The Jesuit Chronicles I
This will be kinda long so brace yourself. The following essay is something I wrote several years ago when I still swore to the vow of chastity.
It’s not that when I left the Society I threw chastity out the window altogether, but it’s different if you PUBLICLY swore it. There is a real positive pressure to live up to it. Right now, the pressure’s no longer there. But it doesn’t mean I’ve become unchaste. [roll of eyes and evil laugh]
But see, if anything, this essay (which I wrote for the class of the great Doreen Fernandez) shows how much making God “my enough” was such a struggle even then. It’s not that I didn’t mean what I said when I said it; it’s that even when I was saying it, there was a “pang” somewhere. That it was always a struggle. And after awhile, the struggle was no longer life-giving.

Come back to this paragraph after reading the essay: For the girl, throwing the locket was not a sacrifice. Sacrifices are sacrifices because you’re giving up something great for something lesser. For the girl, the man was certainly greater than the locket. For me, years ago, throwing the proverbial locket, WAS a sacrifice.
And as a wise old woman told me once: this life you chose–it’s never about sacrifice; it’s about surrender. And blessed are they who surrender.
Maybe someday I will understand.
When You Don’t Have a Hand to Hold
Or how I survived watching the ultimate play for holding hands…Sinta has been proclaimed by some critics as the ultimate play for holding hands. The story is told, part of urban legend and Sibol folklore, of a time when a couple watched Sinta with their three children. When the play began, the children sat between them in the intimate theater of Tanghalang Onofre Pagsanghan. By the second act though, the husband had signalled the children to make way for their mother to sit beside him. And they remained seated beside each other, holding hands for the rest of the play.

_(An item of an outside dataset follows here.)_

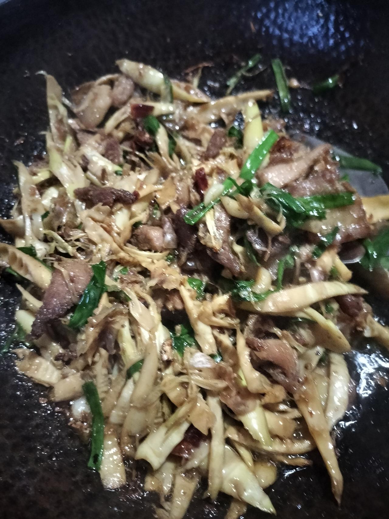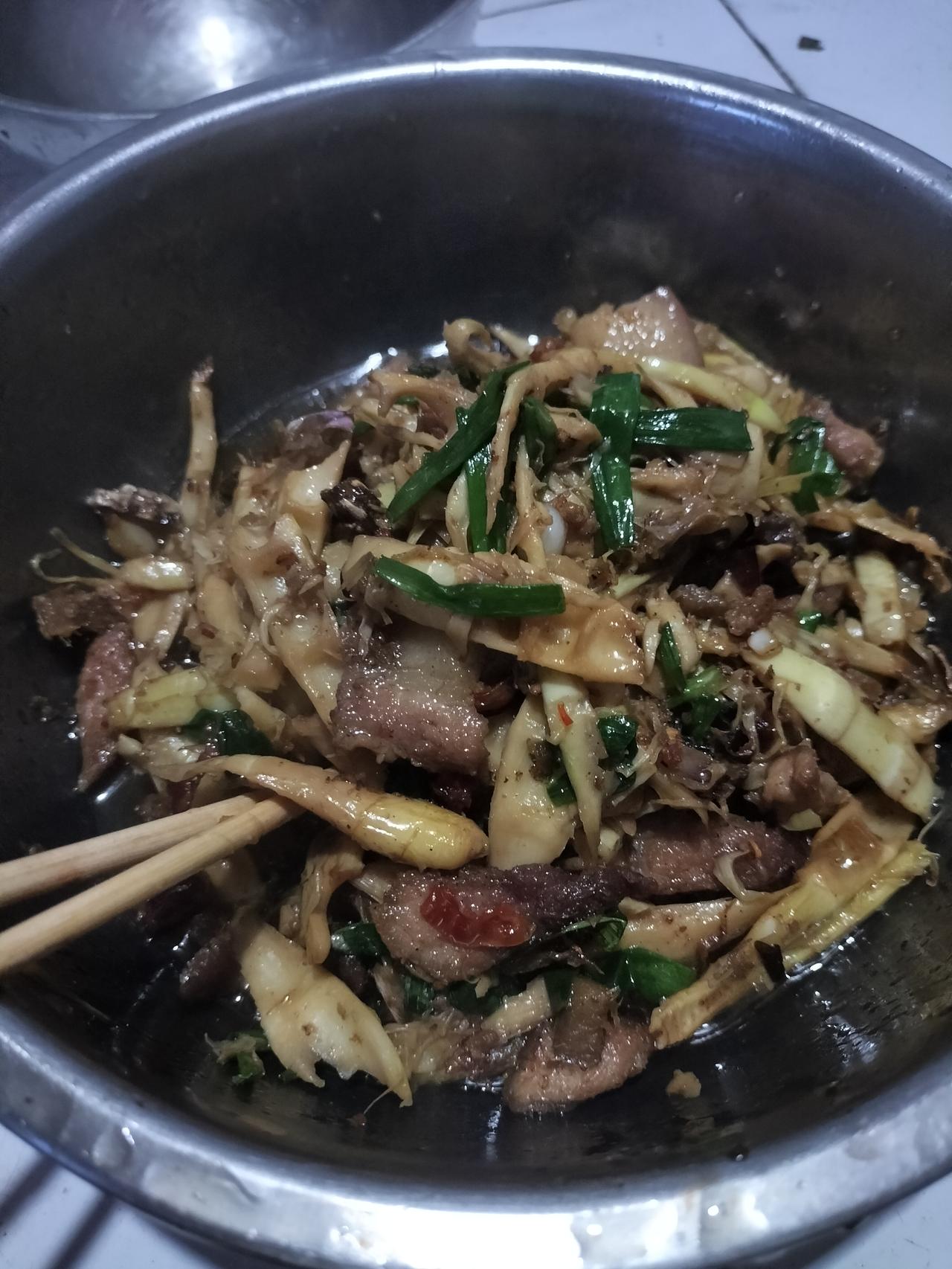 其实步骤是对的,先把春笋焯水,捞出来,再炒猪肉,最后倒入锅里一起翻炒,快炒熟的时候,我发现没有葱,又关掉火,跑去菜地里摘一把葱来,那个绿油油的就是葱。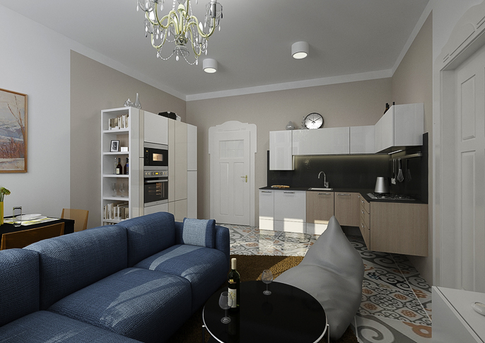 Kuchyně jednoduchých tvarů v bílém a krémovém laminu je zakomponována do stavby v secesním stylu. Její součástí je úložný díl pro knihy, podlaha je provedena z velkoformátové dlažby historizujícího vzoru.

The story is told more convincingly and more beautifully by Mr. Pagsi– the man who wrote the play and was behind the more than 270 stagings of Sinta– himself.
I certainly felt the urge to grab my seatmate’s hand while watching Sinta– only it turned out that my seatmate is a Jesuit like myself! As song after beautiful song and line after beautiful line were said, I suddenly remembered that the last time I felt like this was during a Side A concert. This was when I seriously felt like a loser being there while everyone else (it seemed at that time) were dancing, singing and embracing the concert away.
What do you do when you watch the ultimate play for holding hands and you do not have anyone’s hands to hold? What if you are a religious? What if you don’t have anyone at the moment? What if you are, like a friend of mine, an NBSB (no boyfriend since birth)? Sinta can then become the ultimate scourge to all singles and singles-by-choice out there.
While I was writing this, I remembered a story about an engaged couple. They were walking across London Bridge when the boy protests to the girl that he is unworthy of her love. She replies that she loves him just as he is. He is not convinced however.
The girl is wearing a locket on a chain around her neck—her favorite possession, which she usually wears to celebrate when she is joyful and to console herself when she is sad. Suddenly, she removes the locket and throws it over the bridge into the river below. The boy panicked when he saw this because he knew how important the locket was to the girl. He asked her why she did this impulsive gesture. She answers him, “What I mean to say in throwing my favorite possession is that YOU ARE MY ENOUGH. If I have you, I don’t need anything else in this world.” And being as stupid as he is, he tells her that he still does not understand.
And then she answers him with something really beautiful, “Maybe when you are older you will understand what I mean. And maybe I will really understand too!”
Everytime we watch Sinta or a Side A concert, or when we see a couple holding hands in the college, or see a father holding a child in his arms, and probably everytime Valentines Day comes, we are made to understand what we meant when we said YOU ARE MY ENOUGH. We did not throw the lockets of our sexuality because it is bad, but precisely because it is the most precious thing we possess. And we gave it up, and continue to give it up, to say YOU ARE MY ENOUGH. With You, I ask for nothing more. You will suffice.
Then maybe we can go back to watch that play-for-holding-hands and sit through the play without holding anyone’s hands and not feeling empty. Because then we realize Someone has been holding our hands all along.
Then maybe, we have really understood.